## EXERCISE DETAILS
Make an exact copy of the entries that come next.

## ENTRIES SHOWN
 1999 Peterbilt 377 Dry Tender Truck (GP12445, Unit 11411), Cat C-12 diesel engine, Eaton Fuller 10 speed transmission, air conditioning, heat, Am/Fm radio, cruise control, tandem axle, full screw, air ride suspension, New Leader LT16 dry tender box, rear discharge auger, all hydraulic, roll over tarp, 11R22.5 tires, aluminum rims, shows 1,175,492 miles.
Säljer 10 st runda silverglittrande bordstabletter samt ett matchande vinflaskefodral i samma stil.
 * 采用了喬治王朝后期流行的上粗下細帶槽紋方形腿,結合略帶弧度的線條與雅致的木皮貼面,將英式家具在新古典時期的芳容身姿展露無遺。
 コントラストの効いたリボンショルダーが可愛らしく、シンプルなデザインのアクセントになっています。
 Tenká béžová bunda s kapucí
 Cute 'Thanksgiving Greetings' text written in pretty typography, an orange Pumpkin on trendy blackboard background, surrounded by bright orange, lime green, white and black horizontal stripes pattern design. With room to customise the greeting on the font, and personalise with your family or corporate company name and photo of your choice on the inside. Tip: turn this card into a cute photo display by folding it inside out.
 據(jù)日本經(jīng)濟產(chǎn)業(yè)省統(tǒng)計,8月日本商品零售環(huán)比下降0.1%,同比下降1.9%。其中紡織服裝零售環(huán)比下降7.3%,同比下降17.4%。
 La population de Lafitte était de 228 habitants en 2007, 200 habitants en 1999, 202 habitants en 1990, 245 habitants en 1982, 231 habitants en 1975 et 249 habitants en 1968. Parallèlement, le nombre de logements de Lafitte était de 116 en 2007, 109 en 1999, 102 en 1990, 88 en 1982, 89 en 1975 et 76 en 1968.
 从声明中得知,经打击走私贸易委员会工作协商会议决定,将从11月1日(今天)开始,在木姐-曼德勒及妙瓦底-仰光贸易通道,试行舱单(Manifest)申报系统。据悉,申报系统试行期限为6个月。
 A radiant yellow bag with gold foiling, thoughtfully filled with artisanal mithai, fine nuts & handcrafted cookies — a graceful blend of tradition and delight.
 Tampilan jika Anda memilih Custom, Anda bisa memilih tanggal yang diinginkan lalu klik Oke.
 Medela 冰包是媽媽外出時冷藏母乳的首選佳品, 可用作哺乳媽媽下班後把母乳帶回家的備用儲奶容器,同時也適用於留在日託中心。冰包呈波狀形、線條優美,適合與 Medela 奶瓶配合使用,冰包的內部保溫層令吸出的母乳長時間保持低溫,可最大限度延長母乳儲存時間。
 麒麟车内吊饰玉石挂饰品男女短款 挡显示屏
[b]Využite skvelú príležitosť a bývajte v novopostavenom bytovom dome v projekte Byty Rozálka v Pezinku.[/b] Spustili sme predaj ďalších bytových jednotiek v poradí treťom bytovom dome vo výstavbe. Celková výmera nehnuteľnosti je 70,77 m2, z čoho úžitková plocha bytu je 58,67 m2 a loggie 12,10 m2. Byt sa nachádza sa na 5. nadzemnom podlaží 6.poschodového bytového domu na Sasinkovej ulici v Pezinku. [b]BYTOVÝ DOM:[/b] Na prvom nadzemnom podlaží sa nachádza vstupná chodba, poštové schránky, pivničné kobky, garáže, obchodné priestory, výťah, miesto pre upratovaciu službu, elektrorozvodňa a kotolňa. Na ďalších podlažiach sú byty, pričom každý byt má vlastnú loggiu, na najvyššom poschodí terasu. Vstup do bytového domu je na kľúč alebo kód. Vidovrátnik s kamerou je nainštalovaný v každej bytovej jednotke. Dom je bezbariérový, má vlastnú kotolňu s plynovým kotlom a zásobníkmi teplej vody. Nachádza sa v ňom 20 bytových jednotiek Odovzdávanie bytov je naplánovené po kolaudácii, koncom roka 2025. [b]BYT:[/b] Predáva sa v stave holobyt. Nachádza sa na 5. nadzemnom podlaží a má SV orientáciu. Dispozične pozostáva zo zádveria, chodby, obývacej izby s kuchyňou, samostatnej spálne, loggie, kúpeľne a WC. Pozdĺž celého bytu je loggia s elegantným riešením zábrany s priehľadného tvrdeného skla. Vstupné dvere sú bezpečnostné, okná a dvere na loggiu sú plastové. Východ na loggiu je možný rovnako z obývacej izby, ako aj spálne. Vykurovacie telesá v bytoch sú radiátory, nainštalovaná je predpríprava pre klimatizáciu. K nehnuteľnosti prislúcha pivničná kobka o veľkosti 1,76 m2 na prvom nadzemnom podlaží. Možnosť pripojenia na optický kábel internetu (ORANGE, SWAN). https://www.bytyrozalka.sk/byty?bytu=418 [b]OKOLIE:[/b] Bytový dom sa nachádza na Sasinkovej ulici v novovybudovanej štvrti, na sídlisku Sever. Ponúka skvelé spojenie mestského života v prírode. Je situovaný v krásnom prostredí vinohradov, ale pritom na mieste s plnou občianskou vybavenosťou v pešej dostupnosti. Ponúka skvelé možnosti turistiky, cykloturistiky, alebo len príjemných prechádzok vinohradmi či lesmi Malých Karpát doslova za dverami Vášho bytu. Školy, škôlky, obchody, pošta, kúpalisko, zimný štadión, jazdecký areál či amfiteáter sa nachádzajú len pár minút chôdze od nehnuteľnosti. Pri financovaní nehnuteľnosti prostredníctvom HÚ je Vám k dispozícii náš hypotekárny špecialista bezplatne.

## ANSWER TO THE EXERCISE
 1999 Peterbilt 377 Dry Tender Truck (GP12445, Unit 11411), Cat C-12 diesel engine, Eaton Fuller 10 speed transmission, air conditioning, heat, Am/Fm radio, cruise control, tandem axle, full screw, air ride suspension, New Leader LT16 dry tender box, rear discharge auger, all hydraulic, roll over tarp, 11R22.5 tires, aluminum rims, shows 1,175,492 miles.
Säljer 10 st runda silverglittrande bordstabletter samt ett matchande vinflaskefodral i samma stil.
 * 采用了喬治王朝后期流行的上粗下細帶槽紋方形腿,結合略帶弧度的線條與雅致的木皮貼面,將英式家具在新古典時期的芳容身姿展露無遺。
 コントラストの効いたリボンショルダーが可愛らしく、シンプルなデザインのアクセントになっています。
 Tenká béžová bunda s kapucí
 Cute 'Thanksgiving Greetings' text written in pretty typography, an orange Pumpkin on trendy blackboard background, surrounded by bright orange, lime green, white and black horizontal stripes pattern design. With room to customise the greeting on the font, and personalise with your family or corporate company name and photo of your choice on the inside. Tip: turn this card into a cute photo display by folding it inside out.
 據(jù)日本經(jīng)濟產(chǎn)業(yè)省統(tǒng)計,8月日本商品零售環(huán)比下降0.1%,同比下降1.9%。其中紡織服裝零售環(huán)比下降7.3%,同比下降17.4%。
 La population de Lafitte était de 228 habitants en 2007, 200 habitants en 1999, 202 habitants en 1990, 245 habitants en 1982, 231 habitants en 1975 et 249 habitants en 1968. Parallèlement, le nombre de logements de Lafitte était de 116 en 2007, 109 en 1999, 102 en 1990, 88 en 1982, 89 en 1975 et 76 en 1968.
 从声明中得知,经打击走私贸易委员会工作协商会议决定,将从11月1日(今天)开始,在木姐-曼德勒及妙瓦底-仰光贸易通道,试行舱单(Manifest)申报系统。据悉,申报系统试行期限为6个月。
 A radiant yellow bag with gold foiling, thoughtfully filled with artisanal mithai, fine nuts & handcrafted cookies — a graceful blend of tradition and delight.
 Tampilan jika Anda memilih Custom, Anda bisa memilih tanggal yang diinginkan lalu klik Oke.
 Medela 冰包是媽媽外出時冷藏母乳的首選佳品, 可用作哺乳媽媽下班後把母乳帶回家的備用儲奶容器,同時也適用於留在日託中心。冰包呈波狀形、線條優美,適合與 Medela 奶瓶配合使用,冰包的內部保溫層令吸出的母乳長時間保持低溫,可最大限度延長母乳儲存時間。
 麒麟车内吊饰玉石挂饰品男女短款 挡显示屏
[b]Využite skvelú príležitosť a bývajte v novopostavenom bytovom dome v projekte Byty Rozálka v Pezinku.[/b] Spustili sme predaj ďalších bytových jednotiek v poradí treťom bytovom dome vo výstavbe. Celková výmera nehnuteľnosti je 70,77 m2, z čoho úžitková plocha bytu je 58,67 m2 a loggie 12,10 m2. Byt sa nachádza sa na 5. nadzemnom podlaží 6.poschodového bytového domu na Sasinkovej ulici v Pezinku. [b]BYTOVÝ DOM:[/b] Na prvom nadzemnom podlaží sa nachádza vstupná chodba, poštové schránky, pivničné kobky, garáže, obchodné priestory, výťah, miesto pre upratovaciu službu, elektrorozvodňa a kotolňa. Na ďalších podlažiach sú byty, pričom každý byt má vlastnú loggiu, na najvyššom poschodí terasu. Vstup do bytového domu je na kľúč alebo kód. Vidovrátnik s kamerou je nainštalovaný v každej bytovej jednotke. Dom je bezbariérový, má vlastnú kotolňu s plynovým kotlom a zásobníkmi teplej vody. Nachádza sa v ňom 20 bytových jednotiek Odovzdávanie bytov je naplánovené po kolaudácii, koncom roka 2025. [b]BYT:[/b] Predáva sa v stave holobyt. Nachádza sa na 5. nadzemnom podlaží a má SV orientáciu. Dispozične pozostáva zo zádveria, chodby, obývacej izby s kuchyňou, samostatnej spálne, loggie, kúpeľne a WC. Pozdĺž celého bytu je loggia s elegantným riešením zábrany s priehľadného tvrdeného skla. Vstupné dvere sú bezpečnostné, okná a dvere na loggiu sú plastové. Východ na loggiu je možný rovnako z obývacej izby, ako aj spálne. Vykurovacie telesá v bytoch sú radiátory, nainštalovaná je predpríprava pre klimatizáciu. K nehnuteľnosti prislúcha pivničná kobka o veľkosti 1,76 m2 na prvom nadzemnom podlaží. Možnosť pripojenia na optický kábel internetu (ORANGE, SWAN). https://www.bytyrozalka.sk/byty?bytu=418 [b]OKOLIE:[/b] Bytový dom sa nachádza na Sasinkovej ulici v novovybudovanej štvrti, na sídlisku Sever. Ponúka skvelé spojenie mestského života v prírode. Je situovaný v krásnom prostredí vinohradov, ale pritom na mieste s plnou občianskou vybavenosťou v pešej dostupnosti. Ponúka skvelé možnosti turistiky, cykloturistiky, alebo len príjemných prechádzok vinohradmi či lesmi Malých Karpát doslova za dverami Vášho bytu. Školy, škôlky, obchody, pošta, kúpalisko, zimný štadión, jazdecký areál či amfiteáter sa nachádzajú len pár minút chôdze od nehnuteľnosti. Pri financovaní nehnuteľnosti prostredníctvom HÚ je Vám k dispozícii náš hypotekárny špecialista bezplatne.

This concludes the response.